My uncle shrugged, then settled into my desk chair, waiting with his arms still crossed over his chest.
“Okay, here’s the deal. And I’m only telling you this because I know you’ll do the right thing. So technically, I think my voluntary disclosure exempts me from any penalty for what I’m about to admit.”
His lips quirked, as if a smile had been vetoed at the last minute. “Go on…”
I inhaled and held the next breath for a moment, wondering where best to begin. But there was no good place to start, so I dove in, hoping my good intentions would bail me out during the less altruistic parts of the story. “Meredith Cole wasn’t the first one.”
“She wasn’t your first premonition?” He didn’t look surprised. Of course, he couldn’t have forgotten the other times—including the incident preceding my trip to the hospital.
“That too. But, I mean, she wasn’t the first girl to die this week. There was one Saturday night and one yesterday afternoon. It happened the same way with all three girls.”
“And you predicted them all?” Now he looked surprised, his forehead crinkled, brows furrowed.
“No, I never even saw the second one.” I glanced at my lap, avoiding his eyes while my fingers worked nervously at the earbuds, trying to produce two separate wires from a knot any sailor would have been proud of. “But I saw the girl who died on Saturday, and knew it was going to happen.
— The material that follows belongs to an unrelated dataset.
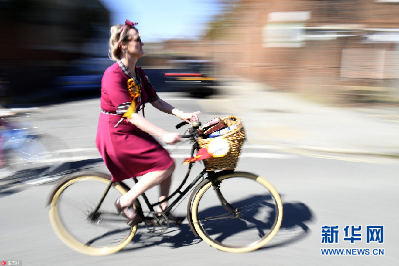 當(dāng)?shù)貢r(shí)間2018年5月5日,英國倫敦,當(dāng)?shù)嘏e辦復(fù)古騎行活動(dòng),民眾身穿花呢子服裝騎車穿行在倫敦街頭。今年是該活動(dòng)舉辦十周年。(圖片來源:東方IC)

Same thing with Meredith this afternoon.” Which I assumed Aunt Val had told him.
“Wait, Saturday night?” The ladder-backed chair creaked and I looked up as he leaned forward to eye me in growing suspicion. “I thought you stayed home.”
I shrugged and raised one brow at him. “I thought I was human.”
My uncle frowned but nodded, as if to say he’d earned that one. Still, I couldn’t believe Aunt Val hadn’t ratted on me. As cool as that was of her, I couldn’t help wondering why. Had all the “coffee” made her forget my indiscretion?